Diseases of the heart or
cardiopathy include coronary heart disease, cardiovascular disease, heart failure,
hypertensive heart disease, cardiomyopathy, and so on. Vascular diseases or
more commonly called as “stroke” refer to brain dysfunction related to diseases
of the blood vessels supplying the brain. Main cause is hypertension. Cancers,
there are probably 200+ different types of cancer.

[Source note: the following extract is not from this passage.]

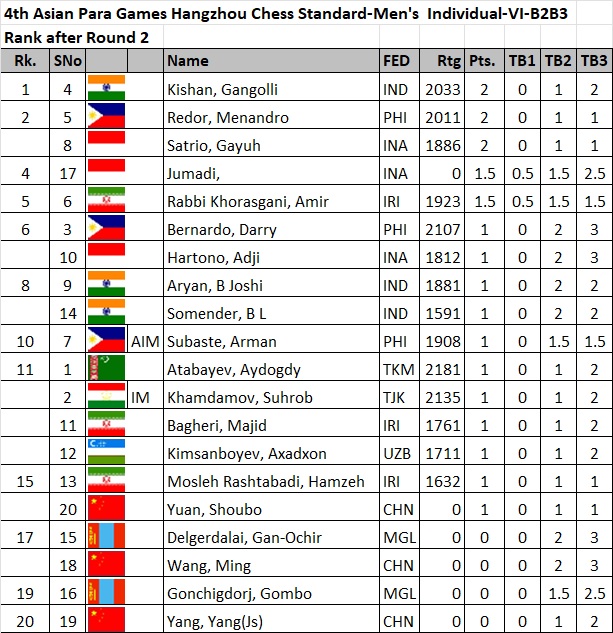 Disabled categories are MenP1, MenB1, MenB2&B3, Women P1, Women B1, WomenB2&B3. See schedule in Chess Medal Event in Hangzhou 2022 Asian Para Games – Asian Chess
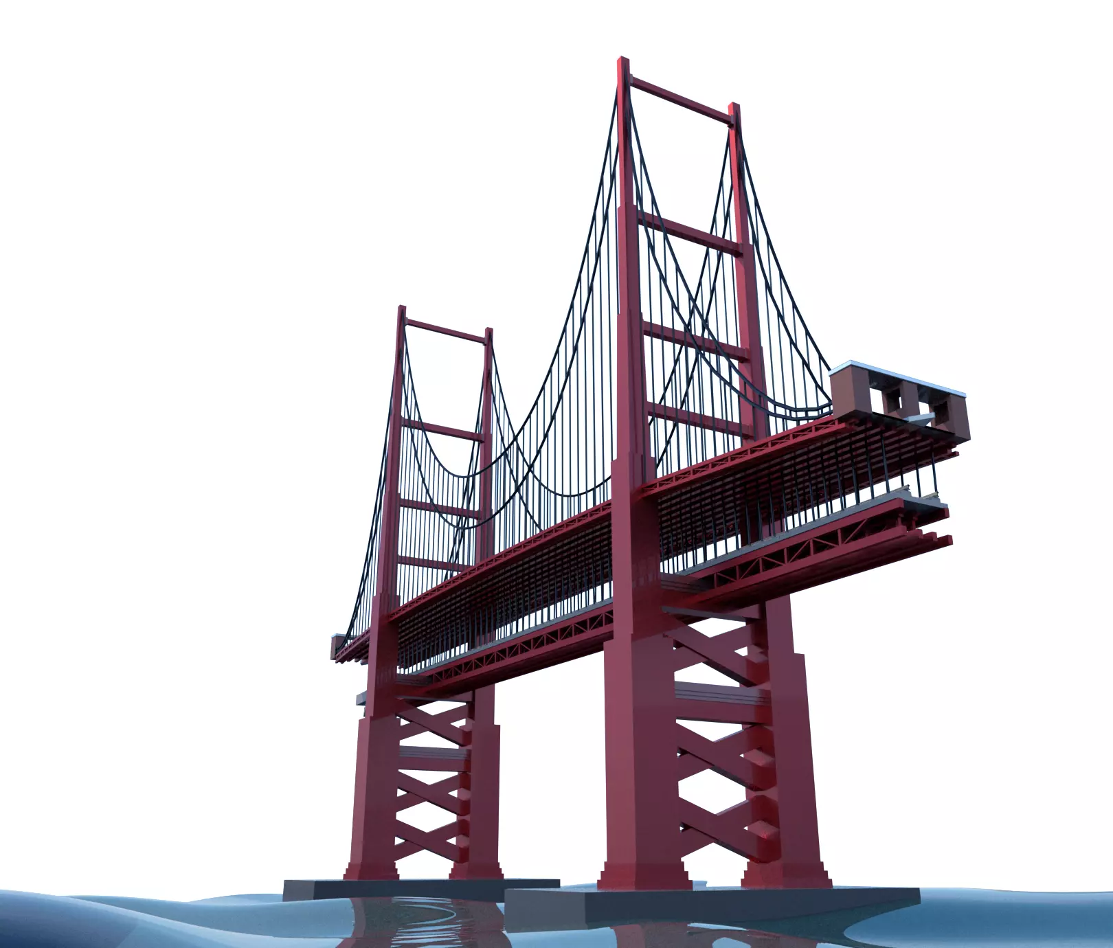 This low poly suspension bridge is based on the world-famous magnificent Golden Gate Bridge in San Francisco, California. You can see how it has inspired by the design with the massive red supports. It is a double-layered bridge with the highway on the top and a railway/ tramway running underneath the highway section of the bridge.

In terms of the main causes of morbidity, NCDs
do not figure much, except hypertension. Infectious and communicable diseases
are the top causes.
Despite these, the average lifespan of
Filipinos is rising, 67 years and 73 years for male and female, respectively,
or average of 70 years for both sexes. This is lower than the Asian average but
higher than the global average.
Table 2. Selected Health Indicators, 2010
Source:
WHO, http://www.who.int/gho/countries/phl.pdf
The cost
of PhilHealth.
The budget
of the Department of Health has shown huge increases recently. From only P18.91
B in 2008 to P31.83 B in 2011, then P42.08 B in 2012 and P53.06 B this year. The big rise in recent years is due to
increased premium payment for the DOH sponsored program for PhilHealth
membership, some 5.2 million households were newly enrolled in PhilHealth. The DOH budget is from taxes and other government
revenues plus borrowings.
PhilHealth
spending does not come from taxes or borrowings. It comes from mandatory
contributions of those in the formal sector, government and private, from
individually-paying self-employed people, and from the DOH and LGUs who sponsor
the annual premum of several million poor households.
LGUs also
have their own healthcare programs for their poor residents, like having their
own city or provincial hospitals, barangay/municipal/city health centers, and
LGU payment and enrollment of some 5 million poor households to PhilHealth,
meaning the LGUs paid for their annual premium. And other government agencies
also provide free or cheap healthcare to the poor, like the Philippine General
Hospital (PGH), AFP hospital, PNP hospital, and so on.
Mandatory
contributions to PhilHealth are:
1. Formal/employed,
from 2.5 to 3.0 percent of monthly salary
2.
Sponsored program and informal non-poor, from P1,200 to P2,400 per year
3. OFWs,
from P900 to P1,200 per year
4.
Lifetime members/retired, none.
Benefits
of PhilHealth.
People who
get hospitalized due to serious diseases will worry less when the hospital bill
comes. PhilHealth will pay for various services such as physicians’ fee,
laboratory and diagnostic tests fee, hospital room fee, surgery if any,
medicines, and so on.
Traditionally,
PhilHealth covers only patients who are confined in accredited hospitals for at
least 24 hours. Meaning if the patient
stays in the emergency room for 23 hours or less and go home afterwards, the
corporation will not pay for any of the bill.
Recently,
PhilHealth also pays for outpatient services for poor members through the
primary care benefit (PCB) package.
In a
presentation last April 10, 2013 at the MeTA Philippines forum held at the
Asian Institute of Management, PhilHealth officials led by Dr. Riza Herrera and
Dr. Liezel Lagrada discussed an update about the corporation’s packages 1 and 2.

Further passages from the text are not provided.